OMAHA (DTN) -- Though Abengoa Bioenergy essentially has sold off its ethanol assets in North America, its parent company, Spain-based Abengoa SA, may have hit a snag in finalizing its Chapter 11 bankruptcy reorganization.

The U.S. Department of Justice, the Internal Revenue Service and the U.S. Trustee filed objections to the parent company's exit plan in the U.S. Bankruptcy Court for the District of Delaware this week.

Among a number of objections filed against Abengoa SA's main subsidiary in the United States, Abeinsa Holding Inc., is a claim the final reorganization plan unlawfully shields Abengoa SA from future lawsuits, according to an objection filed by the U.S. Trustee.

"The debtors in these cases should not be allowed the unfettered discretion to force creditors to discharge such an expansive list of people and entities, none of whom have demonstrated that they provided any contribution to the estate, let alone a substantial one, because a permanent injunction limiting the liability of non-debtor parties is a rare thing that should not be considered, if ever, absent a showing of exceptional circumstances," the U.S. Trustee said in its objection.

In another objection filed by the IRS this week, the agency argues Abeinsa Holding Inc. has failed to file a "significant number of federal tax returns."

The IRS argues it is owed about $19 million in taxes, although the agency said it is "unable to determine the amount of its claims in this case as the result of the debtors' failure to file federal tax returns."

Also this week, the U.S. Department of Energy and the Federal Communications Commission filed an objection to Abengoa's reorganization. The DOE has provided millions of dollars toward various Abengoa projects in the past decade.

The agencies argue Abengoa cannot use proceeds from the projects they funded to fund the parent company's reorganization.

The DOE provided about $15 million for the construction of a cellulosic ethanol pilot plant in York, Nebraska, that was used to develop commercial cellulosic ethanol technology at a plant in Hugoton, Kansas.

Abengoa Bioenergy provided about $17 million as its cost share, according to court documents. The company had a number of reporting and other requirements it was to meet in order for DOE to provide the funds.

"Before the petition date, Abengoa Bioenergy apparently transferred the funded property to Abengoa Bioenergy New Technologies, LLC (ABNT) without DOE's knowledge or consent," the agencies' objection said.

"DOE was not paid its cost-share of the fair market value of the funded property when it was transferred to ABNT. Following the transfer, ABNT continued to use the funded property in furtherance of the bioenergy award's objectives."

Abengoa is attempting to sell the cellulosic ethanol pilot facility in York, Nebraska, according to court documents, for nearly $1.3 million. "If the court approves the sale of the funded property, ABNT owes DOE approximately $585,937 on account of DOE's cost-share interest," the agencies said in their objection.

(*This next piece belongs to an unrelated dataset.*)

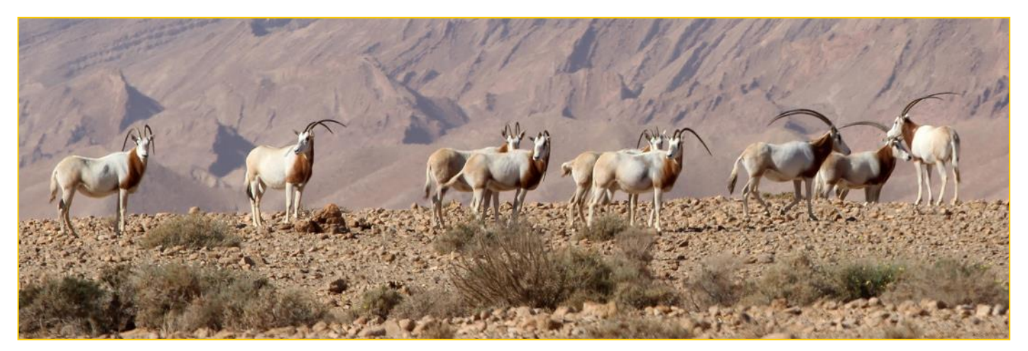
Tunisian biodiversity: scimitar-borned oryx (above); wildflowers, slender-borned gazelle, ostrich and addax
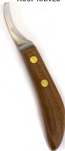
V-829 HOOF KNIVES

In January 2016, Abengoa SA announced in a letter to Spain's National Securities Market Commission the company was planning to restructure its business to focus primarily on engineering services. The company began negotiating with creditors on about $8.9 billion in debt.

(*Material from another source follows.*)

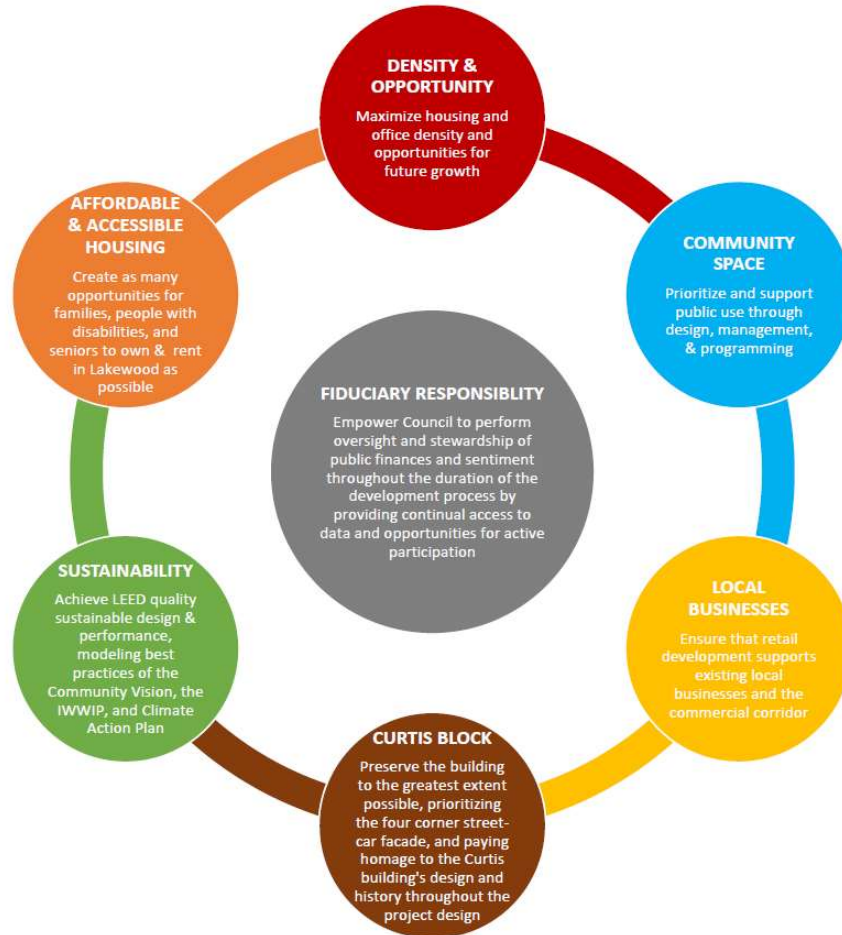
Council Downtown Development Priorities

On Nov. 22, 2016, Abengoa shareholders approved the restructuring agreement, according to a news release.

Abengoa did not respond to DTN's request for comment at press time.

Earlier this week, Synata Bio, Inc., outbid Shell Oil Company on the Hugoton, Kansas, 25-million-gallon cellulosic ethanol plant with a winning bid of $48.5 million.

In August, Abengoa sold three of its ethanol plants to Omaha-based Green Plains Inc. during an auction. Green Plains bid $237 million to purchase plants in Madison, Illinois; Mount Vernon, Indiana; and York, Nebraska. The plants have an annual combined production capacity of 236 million gallons.

KE Holdings LLC made a successful $115 million bid to buy the Abengoa plant in Ravenna, Nebraska, while Kansas-based ethanol plant builder ICM Inc. was the high bidder at $3.15 million for the Abengoa plant in Colwich, Kansas. ACE Ethanol, LLC, was the successful back-up bidder on the Kansas plant, with a bid of $3 million.

The Abengoa corn ethanol plant in Portales, New Mexico, was sold to Natural Chem Group LLC at auction in the U.S. Bankruptcy Court for Eastern District of Missouri. Natural Chem announced plans to convert the plant to biodiesel production.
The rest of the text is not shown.